Dataset excerpts Start Marker

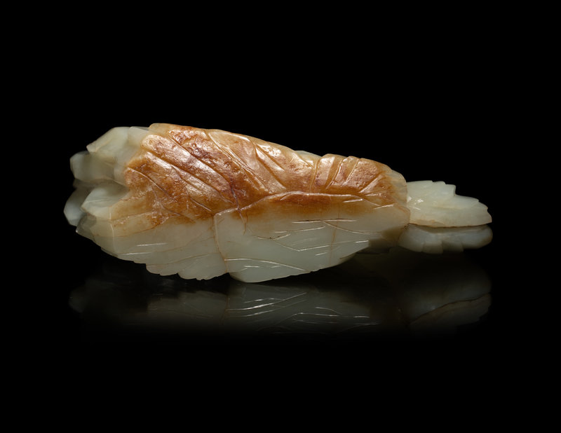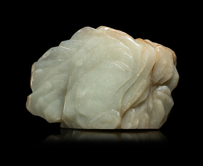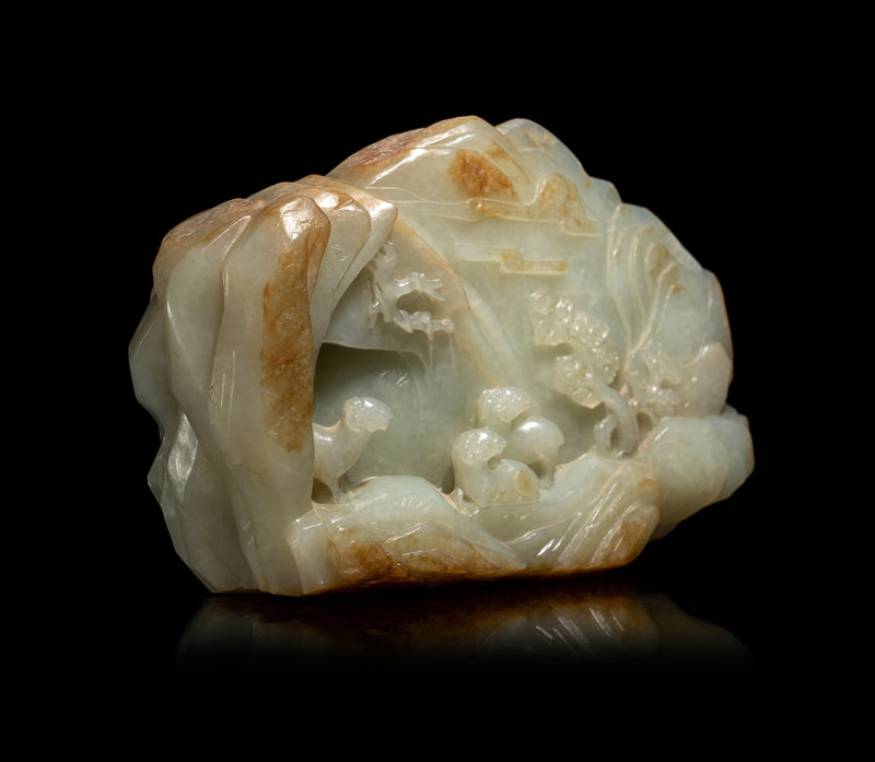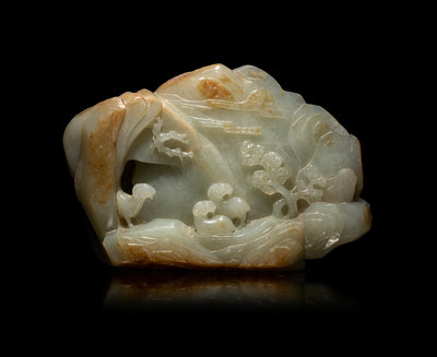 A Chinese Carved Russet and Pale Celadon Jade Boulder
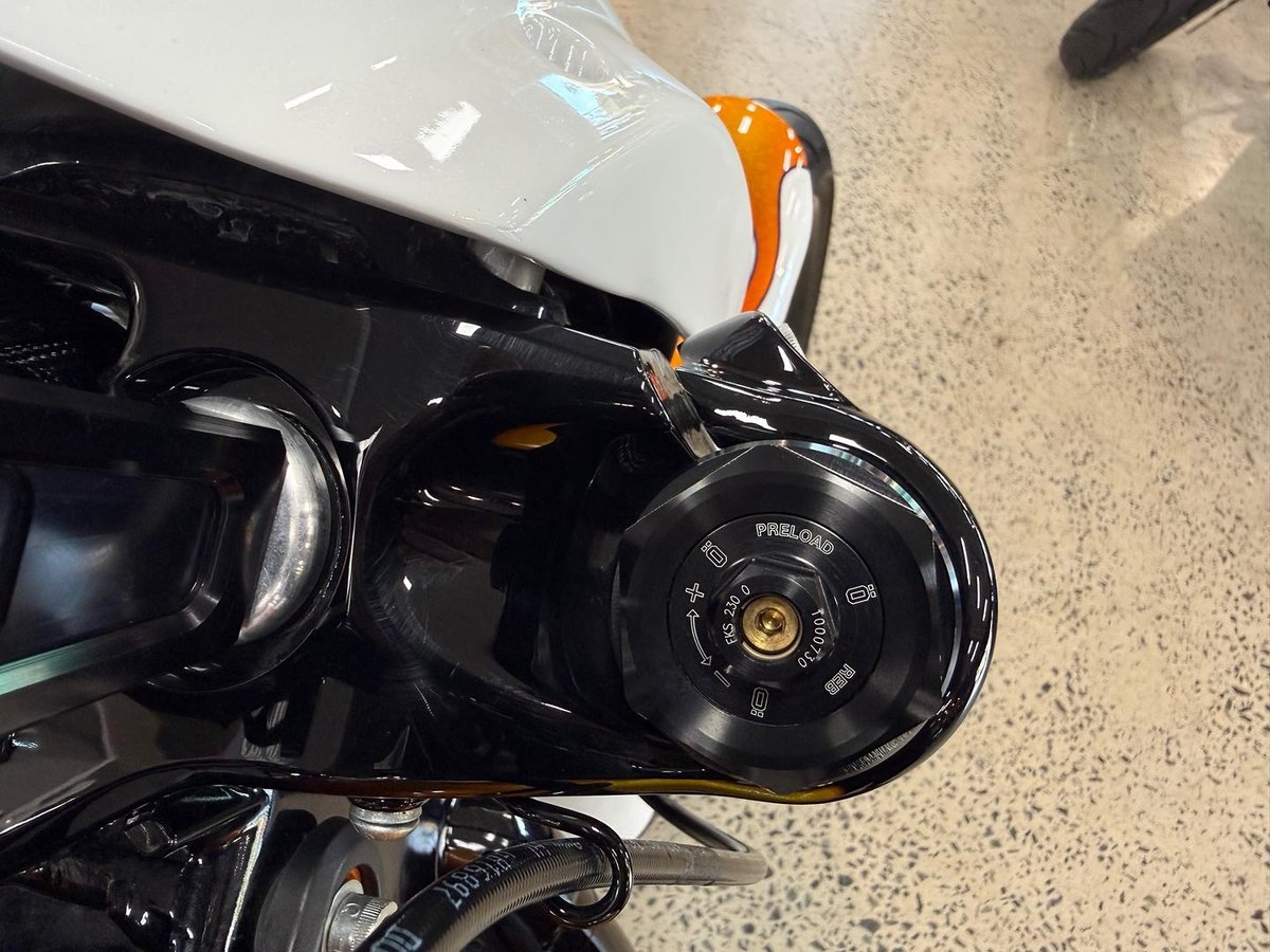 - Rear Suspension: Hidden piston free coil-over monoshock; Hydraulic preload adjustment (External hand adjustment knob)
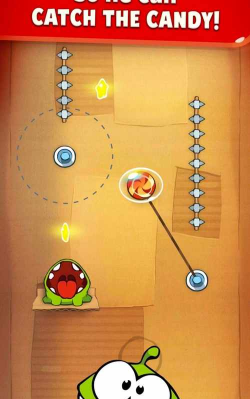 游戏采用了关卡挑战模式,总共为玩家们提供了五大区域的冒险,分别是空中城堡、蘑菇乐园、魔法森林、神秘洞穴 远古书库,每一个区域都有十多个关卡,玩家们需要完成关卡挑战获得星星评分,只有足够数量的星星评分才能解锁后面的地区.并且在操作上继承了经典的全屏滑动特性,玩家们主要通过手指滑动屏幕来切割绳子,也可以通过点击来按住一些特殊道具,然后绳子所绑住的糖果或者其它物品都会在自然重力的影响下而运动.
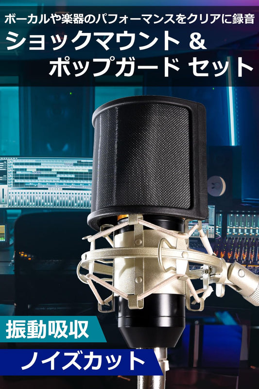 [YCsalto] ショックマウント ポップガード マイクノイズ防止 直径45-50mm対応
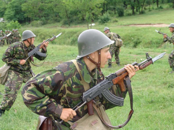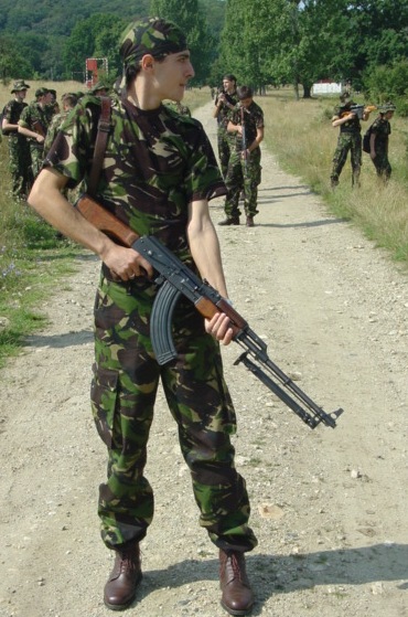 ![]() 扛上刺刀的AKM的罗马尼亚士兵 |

Dataset excerpts End Marker
Dataset excerpts Start Marker

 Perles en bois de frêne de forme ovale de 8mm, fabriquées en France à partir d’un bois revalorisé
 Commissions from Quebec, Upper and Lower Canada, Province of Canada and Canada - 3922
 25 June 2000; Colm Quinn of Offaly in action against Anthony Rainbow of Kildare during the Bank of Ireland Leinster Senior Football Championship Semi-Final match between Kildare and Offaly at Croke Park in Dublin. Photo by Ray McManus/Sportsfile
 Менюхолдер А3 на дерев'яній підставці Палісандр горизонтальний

Dataset excerpts End Marker

• [Exercise requirements]
Take the lines above from the one containing "Commissions from Quebec, Upper" down to the one containing "Менюхолдер А3 на", and transcribe them exactly, both ends included.

• [Your solution]
 Commissions from Quebec, Upper and Lower Canada, Province of Canada and Canada - 3922
 25 June 2000; Colm Quinn of Offaly in action against Anthony Rainbow of Kildare during the Bank of Ireland Leinster Senior Football Championship Semi-Final match between Kildare and Offaly at Croke Park in Dublin. Photo by Ray McManus/Sportsfile
 Менюхолдер А3 на дерев'яній підставці Палісандр горизонтальний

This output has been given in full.